__Dataset__
┄┄┄┄┄┄┄┄┄┄

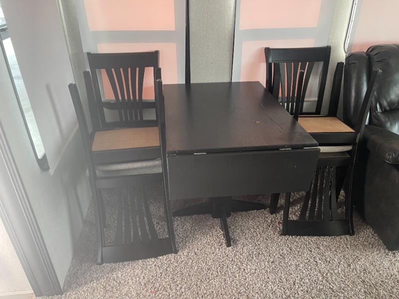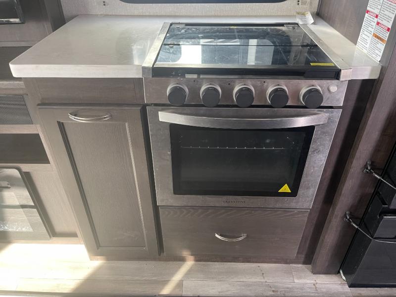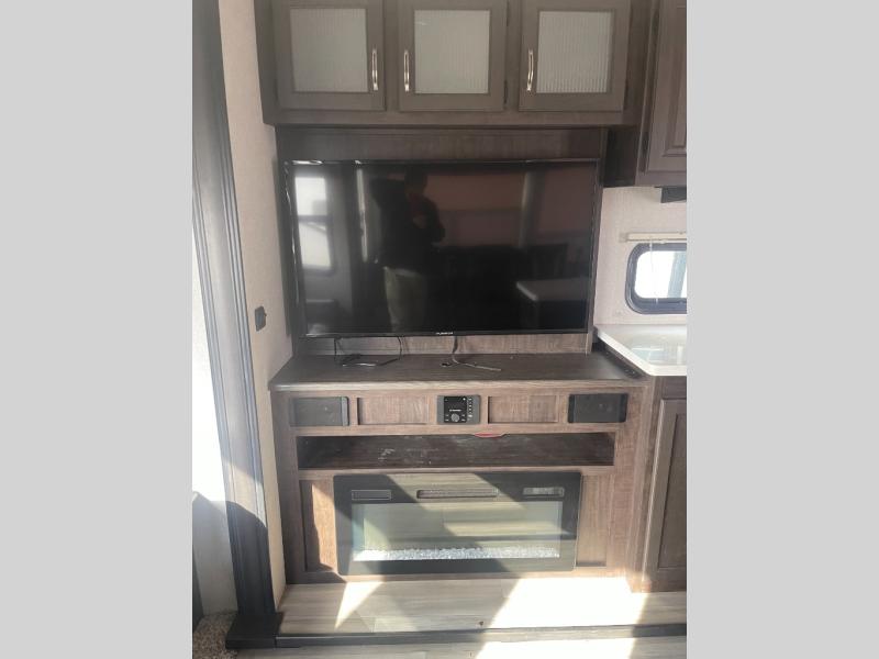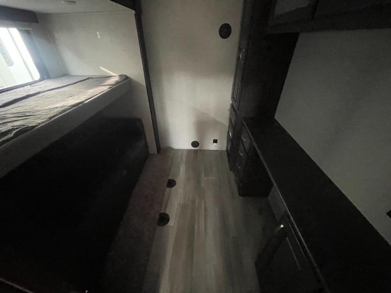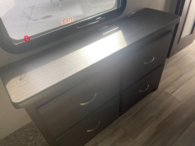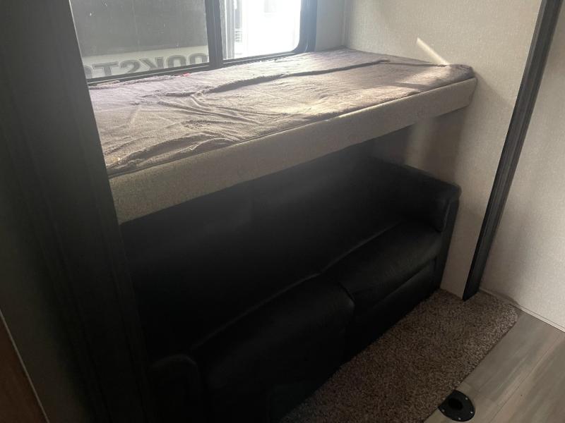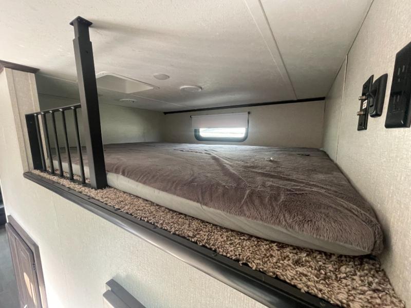 This family-friendly fifth wheel can sleep six comfortably between the queen bed, the tri-fold sofa, and the middle bunkhouse with a loft above! There is plenty of counter space in the bunkhouse, plus a sofa with a removable table and a wardrobe for clothes. The kitchen is any chef's dream with its residential cooktop, residential refrigerator, and kitchen island for more counter space. While dinner is being made, you can play a game of cards at the free-standing table, relax on the tri-fold sofa, or visit outdoors under the 20' power awning with LED lights. You won't be left wanting for storage space in this model thanks to the overhead cabinets, plus the bedroom dresser and large wardrobe. There is even a wardrobe with washer and dryer prep if you choose to go full-time!
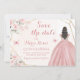 Blush Rosa Guld Blommig Flicka Quinceañera Spara Datum Kort
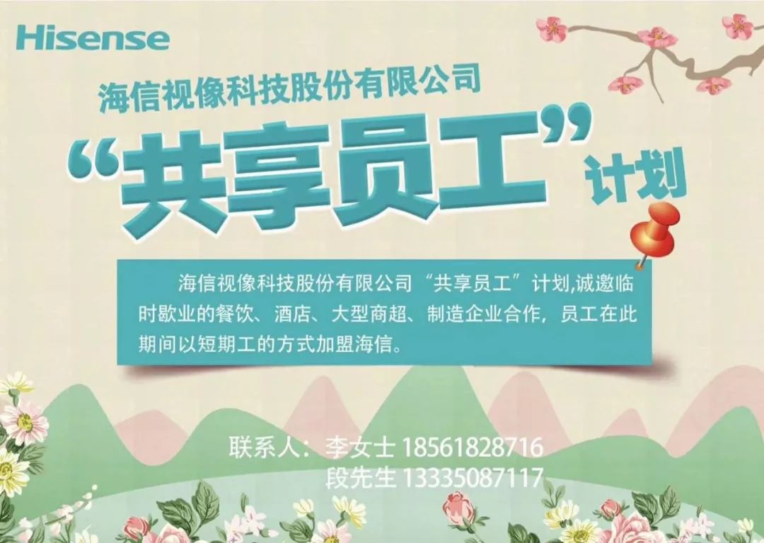 海信視像 : 2 月 11 日正式推出“共享員工”計劃,與餐飲、酒店、大型商超共同抗“疫”,邀請臨時歇業(yè)的企業(yè)員工以短期工的方式加盟公司,共同渡過非常時期。一周來,已經(jīng)共有 60 名“共享員工”到崗。
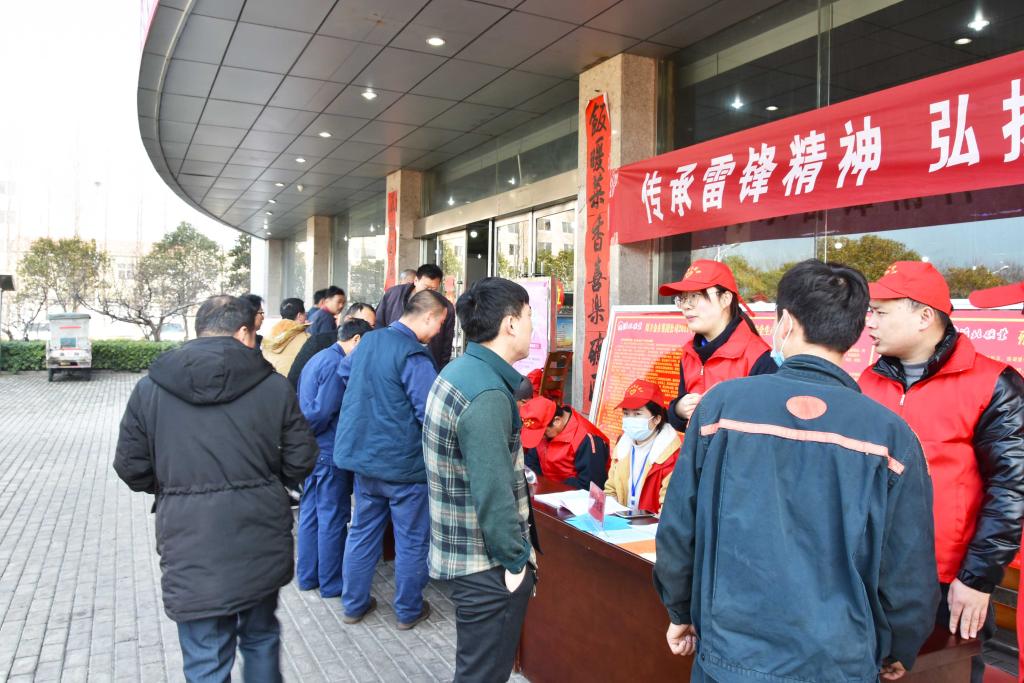 3月5日上午,孫疃礦聯(lián)合建設(shè)樓前彩旗飄揚(yáng),人頭攢動(dòng),該礦學(xué)雷鋒志愿服務(wù)小分隊(duì)搭起的服務(wù)臺(tái)一字排開,爭相為職工提供便民服務(wù)。(王亮 何東方)
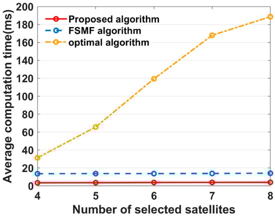 Average computation time of different algorithms with different satellite subset sizes.
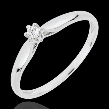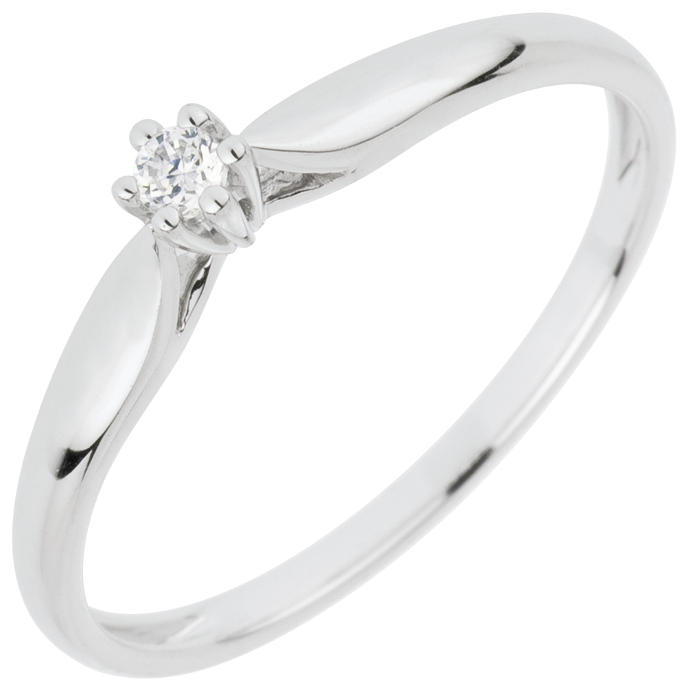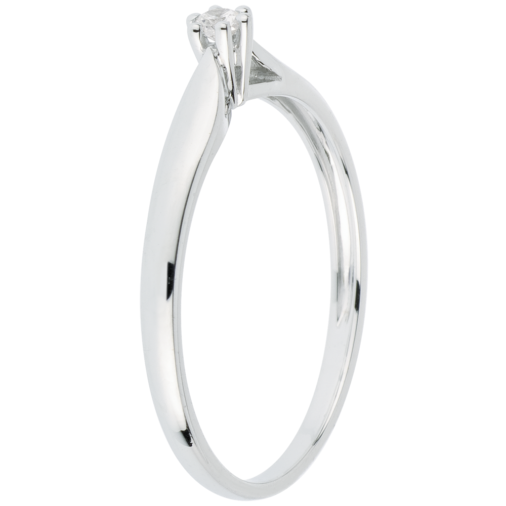 Ein Ring zart wie Schilfgras, gekrönt von einem Diamant in einer 6er Krappenfassung. 1 Diamant : 0.05 Karat - Weißgold (750/-): 1.1 g. Weitere Abmessungen
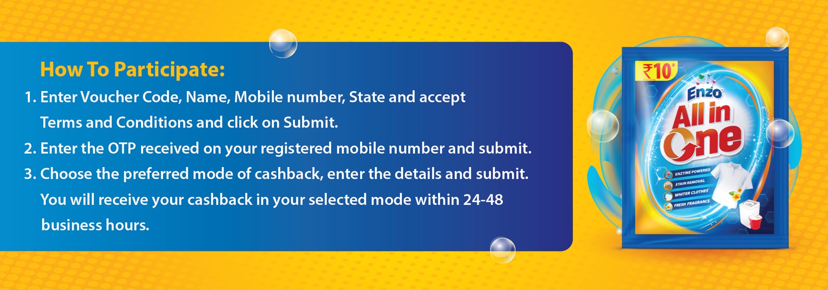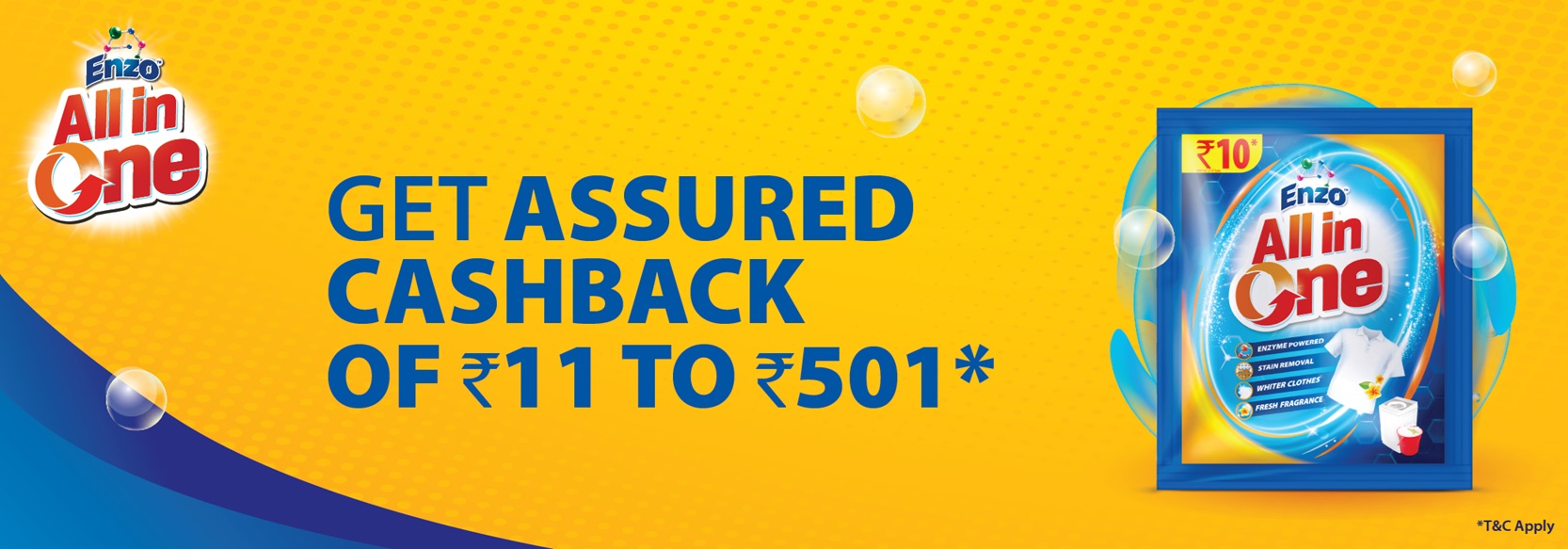 1. For the Participants who are residents of Tamil Nadu: All the Participants in the state of Tamil Nadu shall be eligible to receive a flat cashback reward of ₹ 11 (Rupees Eleven) only on SKU 90gram of Enzo All in One detergent through the process provided above in clause 4.
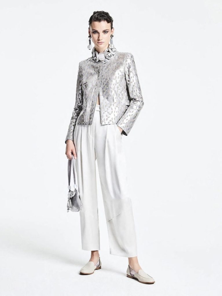 Sin olvidar su tradición italiana, creó piezas exclusivas de una exquisita delicadeza femenina donde tuvo una fuerte apuesta en prendas versátiles y atemporales.
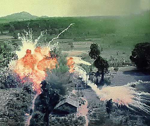 アメリカが、南ベトナムを支援して北への爆撃など軍事介入を始め、中ソが、北ベトナムと南ベトナム解放民族戦線を支援した戦争
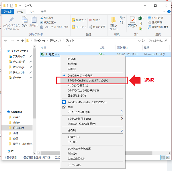 該当ファイル(ここではExcel)を右クリックし、表示されたポップアップから「その他のOneDrive共有オプション」を選択しましょう。
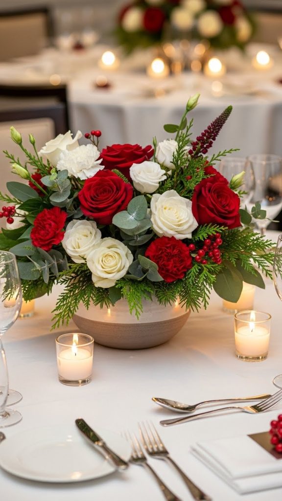 Fresh flowers make any table feel special. During the Christmas season, red and white bouquets create a timeless holiday feel that works with traditional, romantic, or modern styles. Using flowers as your centerpiece adds softness and elegance to the table, especially when paired with greenery and candles.
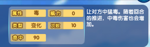 每回合损失1/16的血量,然后根据场上待的回合数,逐渐损失血量,也就是说,一个精灵陷入猛毒状态,在场上的回合越长,伤害就越高,下场之后重新上场,重新计算回合可以触发该状态的技能有:猛毒素、毒液牙、剧毒爆弹、超级溶解液,两层毒尖钉状态
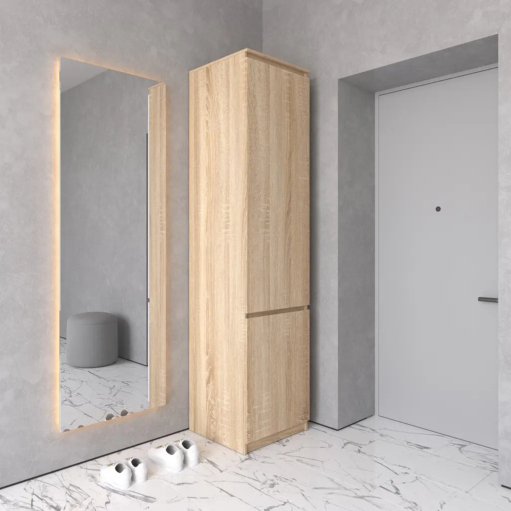 Шафа пенал Vays R-21 - функціональна та стильна шафа для передпокою, виготовлена з якісної ЛДСП. Завдяки компактним розмірам 50×50×211 см, вона ідеально підійде для зберігання верхнього одягу та взуття навіть у невеликому просторі.

┄┄┄┄┄┄┄┄┄┄

Write the listing out exactly, word for word, but omit the pictures.

__Result of the exercise__
 This family-friendly fifth wheel can sleep six comfortably between the queen bed, the tri-fold sofa, and the middle bunkhouse with a loft above! There is plenty of counter space in the bunkhouse, plus a sofa with a removable table and a wardrobe for clothes. The kitchen is any chef's dream with its residential cooktop, residential refrigerator, and kitchen island for more counter space. While dinner is being made, you can play a game of cards at the free-standing table, relax on the tri-fold sofa, or visit outdoors under the 20' power awning with LED lights. You won't be left wanting for storage space in this model thanks to the overhead cabinets, plus the bedroom dresser and large wardrobe. There is even a wardrobe with washer and dryer prep if you choose to go full-time!
 Blush Rosa Guld Blommig Flicka Quinceañera Spara Datum Kort
 海信視像 : 2 月 11 日正式推出“共享員工”計劃,與餐飲、酒店、大型商超共同抗“疫”,邀請臨時歇業(yè)的企業(yè)員工以短期工的方式加盟公司,共同渡過非常時期。一周來,已經(jīng)共有 60 名“共享員工”到崗。
 3月5日上午,孫疃礦聯(lián)合建設(shè)樓前彩旗飄揚(yáng),人頭攢動(dòng),該礦學(xué)雷鋒志愿服務(wù)小分隊(duì)搭起的服務(wù)臺(tái)一字排開,爭相為職工提供便民服務(wù)。(王亮 何東方)
 Average computation time of different algorithms with different satellite subset sizes.
 Ein Ring zart wie Schilfgras, gekrönt von einem Diamant in einer 6er Krappenfassung. 1 Diamant : 0.05 Karat - Weißgold (750/-): 1.1 g. Weitere Abmessungen
 1. For the Participants who are residents of Tamil Nadu: All the Participants in the state of Tamil Nadu shall be eligible to receive a flat cashback reward of ₹ 11 (Rupees Eleven) only on SKU 90gram of Enzo All in One detergent through the process provided above in clause 4.
 Sin olvidar su tradición italiana, creó piezas exclusivas de una exquisita delicadeza femenina donde tuvo una fuerte apuesta en prendas versátiles y atemporales.
 アメリカが、南ベトナムを支援して北への爆撃など軍事介入を始め、中ソが、北ベトナムと南ベトナム解放民族戦線を支援した戦争
 該当ファイル(ここではExcel)を右クリックし、表示されたポップアップから「その他のOneDrive共有オプション」を選択しましょう。
 Fresh flowers make any table feel special. During the Christmas season, red and white bouquets create a timeless holiday feel that works with traditional, romantic, or modern styles. Using flowers as your centerpiece adds softness and elegance to the table, especially when paired with greenery and candles.
 每回合损失1/16的血量,然后根据场上待的回合数,逐渐损失血量,也就是说,一个精灵陷入猛毒状态,在场上的回合越长,伤害就越高,下场之后重新上场,重新计算回合可以触发该状态的技能有:猛毒素、毒液牙、剧毒爆弹、超级溶解液,两层毒尖钉状态
 Шафа пенал Vays R-21 - функціональна та стильна шафа для передпокою, виготовлена з якісної ЛДСП. Завдяки компактним розмірам 50×50×211 см, вона ідеально підійде для зберігання верхнього одягу та взуття навіть у невеликому просторі.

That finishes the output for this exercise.